Facilitators’ tasks include: 

  • reading and understanding the resource materials provided by the curator;
  • arriving at the discussion venue or joining the virtual discussion platform before participants to greet and welcome them;
  • encouraging participants to introduce themselves to each other;
  • explaining to participants what’s expected of them during the discussion;
  • observing participants during the discussion to ensure a safe space;
  • keeping the discussion moving forward in a timely manner;
  • stimulating exchanges, as necessary; and curbing those who are dominating;
  • keeping group members focused, inclusive, and empathetic;
    completing the facilitator discussion group form; and
  • reporting back to the curator on the themes discussed in break-out discussion groups.


Local Dialogue participants are expected to listen to each other and be open to the co-existence of divergent points of view. Participants are invited to Local Dialogues by the convener or, if registration is open, conveners can be contacted directly through their dialogue event page (visit Explore Local Dialogues).

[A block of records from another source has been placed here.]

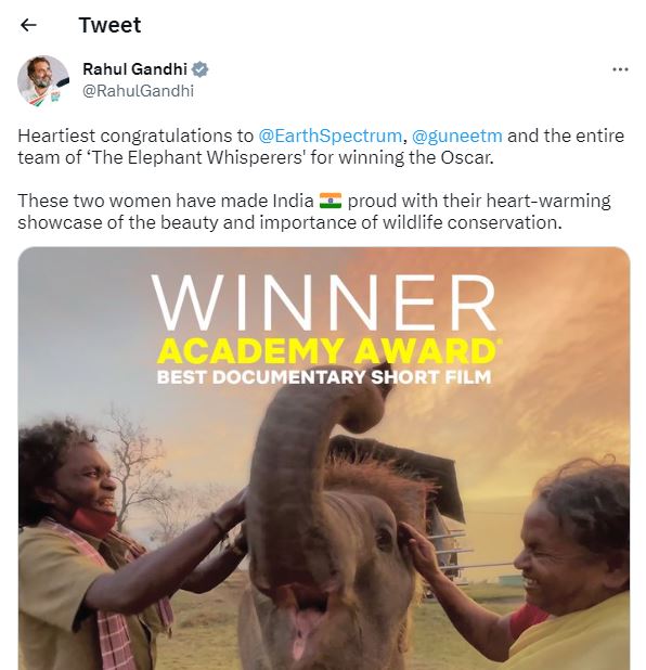 राहुल गांधी ने भी ऑस्कर जीतने वाली 'आरआरआर' और 'द एलिफेंट व्हिस्परर्स' की पूरी टीम को बधाई दी। उन्होंने 'द एलिफेंट व्हिस्परर्स' की टीम को बधाई देते हुए ट्वीट कर लिखा, 'ऑस्कर अवॉर्ड जीतने के लिए गुनीत मोंगा और कार्तिकी गोंजाल्विस की पूरी टीम को बहुत-बहुत बधाई।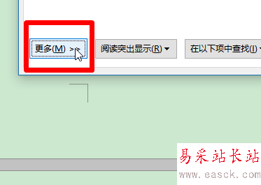 4、打開“查找和替換”對話框,在“查找”選項卡中單擊“更多”按鈕。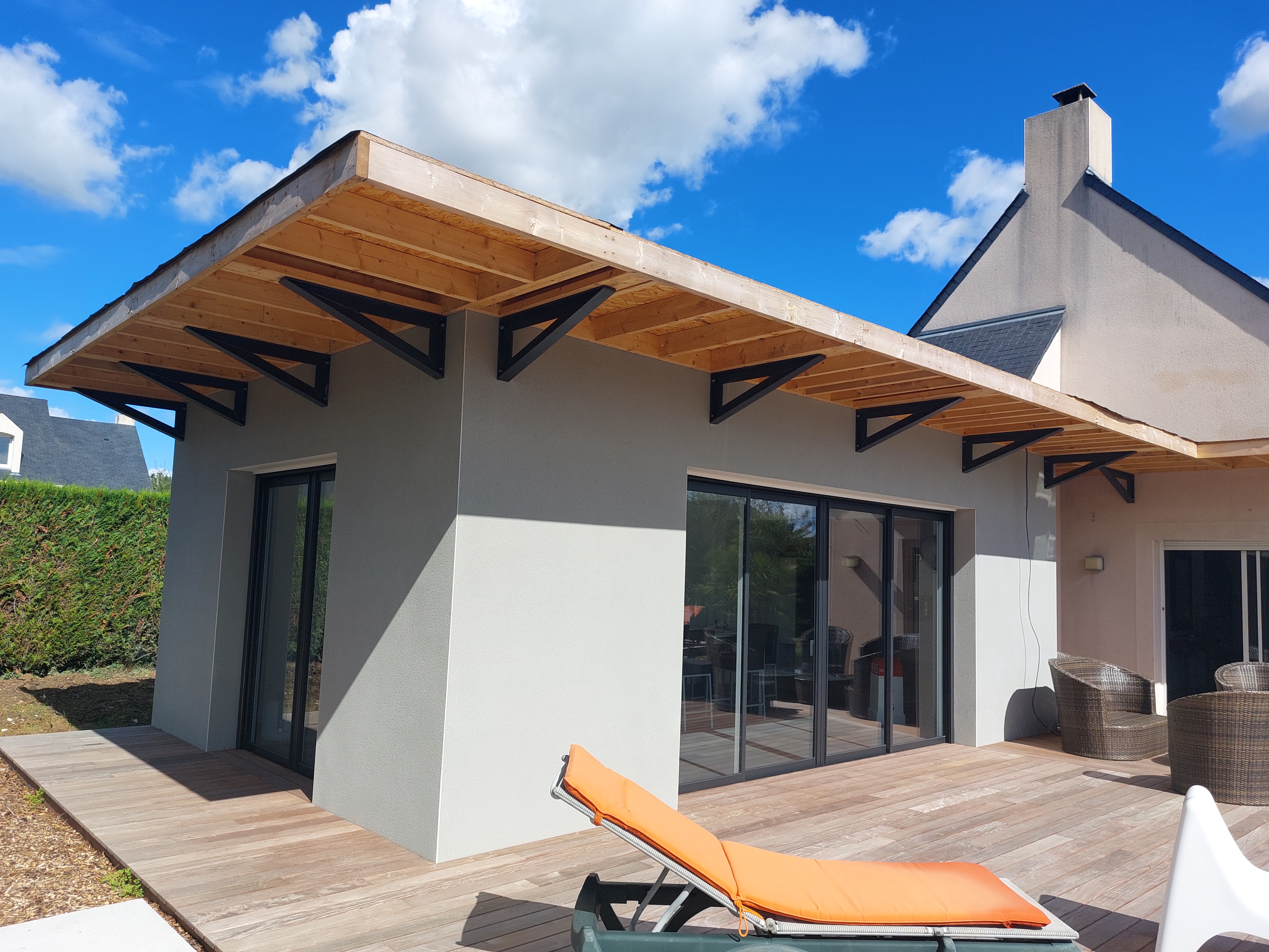 La solution la plus fréquente consiste à agrandir la maison en ajoutant une extension horizontale, soit en prolongement de la toiture existante, soit avec un toit plat dans un style contemporain.

To foster robust discussion, Local Dialogues should include a wide range of stakeholders and points of view. This could mean including professionals working in direct service organizations, urban farmers, directly impacted individuals, healthcare providers, and many more. Participants can be from small, medium and large enterprises, community organizations, universities, schools, and more, and should include members of different stakeholder groups including women, youth, indigenous peoples, and immigrants.

Local Dialogues are carefully curated and facilitated to help participants explore convergences and differences. By the end of the Local Dialogue, participants will have identified the practices and policies that will have the greatest impact on strengthening both their local food systems, as well as the national approach to food policy.

Participants should come prepared to: 

  • listen to each other;
  • welcome diverse perspectives;
  • seek out new connections;
  • explore both synergy and divergence within the conversation;
  • collaborate to identify promising courses of action for reducing hunger and malnutrition; and
  • debate the potential impacts of different strategies.

Prior to the date of the scheduled dialogue, participants are also asked to complete an attendance form and submit it to the dialogue convener.

Standard Run-of-Show

The standard run-of-show of a Local Dialogue includes three core elements:

  1. Opening Remarks to frame the focus of the Dialogue.
  2. Discussion – either as a full-group or in smaller break-out groups.
  3. Closing Remarks to highlight the overall discussion themes.

The recommended duration of a Local Dialogue is 60 – 90 minutes (with at least 30 minutes for the discussion session) and we recommend having between 15 and 50 participants; however, the number of participants can be higher when hosting virtual/national dialogues.

If break-out discussion groups are used, we recommend having 8-10 participants in each group (not including a facilitator and note-taker).